Этот сюжет был описан мною в биографии Пришвина в серии «ЖЗЛ» и в романе «Мысленный волк», так что подробно касаться его не буду, но к Пришвину еще вернусь. А елецкий период в жизни нашего героя ценен тем, что здесь появляется стороннее воспоминание о Розанове, написанное его коллегой, учителем древних языков Первовым. Он изобразил Елецкую гимназию довольно в мрачных тонах, а самого Розанова описал как человека одинокого, ни на кого не похожего и вызывающего крайнее раздражение не только у учеников, но и у других учителей. «Раз он попал даже на холостую попойку у учителя женской гимназии Желудкова. Здесь слово за слово разгорелся спор между Розановым и Десницким, который “на все корки” честил философию и философов, крича с азартом: “И мы тоже кое-что понимаем!” В разгаре спора Десницкий схватил с полки книгу “О понимании”, преподнесенную Розановым Желудкову, расстегнул брюки и обмочил ее при общем хохоте всех присутствующих: “А ваше понимание, Василий Васильевич, вот чего стоит”».
Ему было, правда, очень нехорошо в этом чудесном, красивейшем русском городе над речкой Быстрой Сосной (или просто Сосной, как ее тогда называли). Может быть, даже еще тяжелее, чем в Брянске. Как ни трудна была жизнь с Аполлинарией, но, судя по всему, Розанов был из тех людей, кто совсем не умеет жить один, ему нужно было к кому-нибудь да прилепиться.

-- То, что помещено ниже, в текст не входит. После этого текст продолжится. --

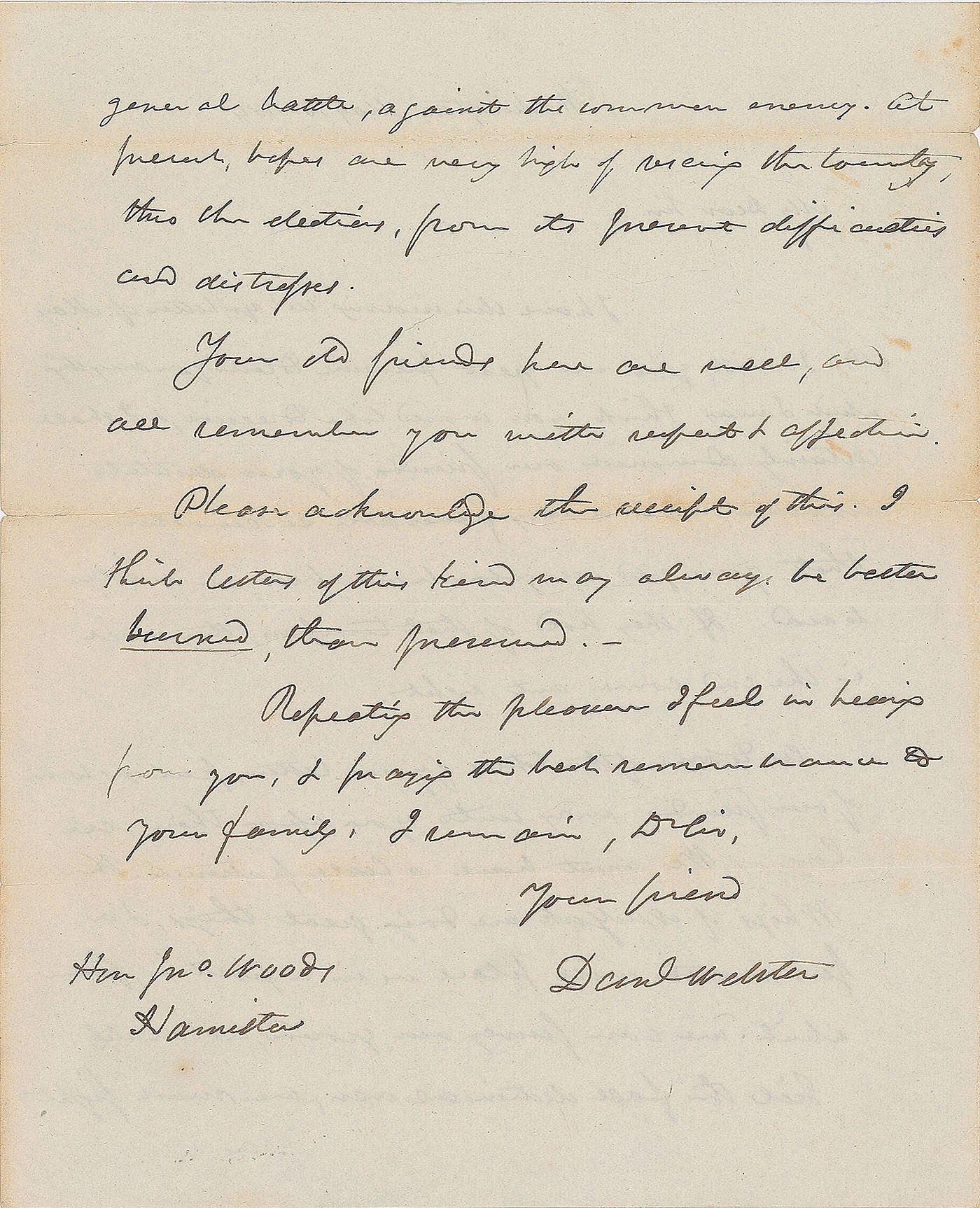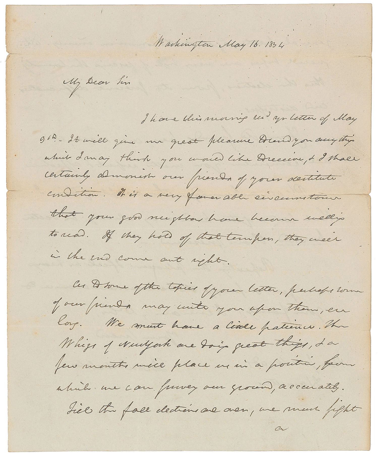 ALS signed “Danl Webster,” one page both sides, 7.75 x 9.5, May 16, 1834. Letter to John Woods, the Whig editor and publisher of the Hamilton Intelligencer, in full: "I have this morning rc'd yr letter of May 9th. It will give me great pleasure to send you anything which I may think you would like to receive, & I shall certainly admonish our friends of your destitute condition. It is a very favorable circumstance that your good neighbors have become willing to read. If they hold of that temper, they will in the end come out right. As to some of the topics of your letter, perhaps some of our friends may write you upon them, ere long. We must have a little patience. The Whigs of New York are doing great things, & a few months will place us in a position, from which we can survey our ground, accurately. Till the fall elections are over, we must fight a general battle, against the common enemy. At present, hopes are very high of rescuing the country, thro the elections, from its present difficulties and distresses. Your old friends here are well, and all remember you with respect & affection. Please acknowledge the receipt of this. I think letters of this kind may always be better burned, than preserved. Repeating the pleasure I feel in hearing from you, & praying the best remembrance to your family." In fine condition, with splitting along one fold and along the hinge.

«Причина тоски моей – моя семейная неустроенность, – элегически признавался он в письмах елецких лет. – Мне трудно и больно думать, что, не попытав никакого семейного и вообще личного счастья, в первую половину моей жизни, я не испытаю его, кажется, и во вторую, что мне не удастся уже по чисто внешним причинам устроить себе тихую и радостную жизнь… Сколько любви было у меня к людям, желания помогать им всегда, и теперь – одна ненависть, совершенное безучастие, одно желание – схорониться куда-нибудь, чтобы никто меня не видел и я никого не видел. Погибла моя молодость, и, кроме тревог и усталости, ничего не несу с собою в старость».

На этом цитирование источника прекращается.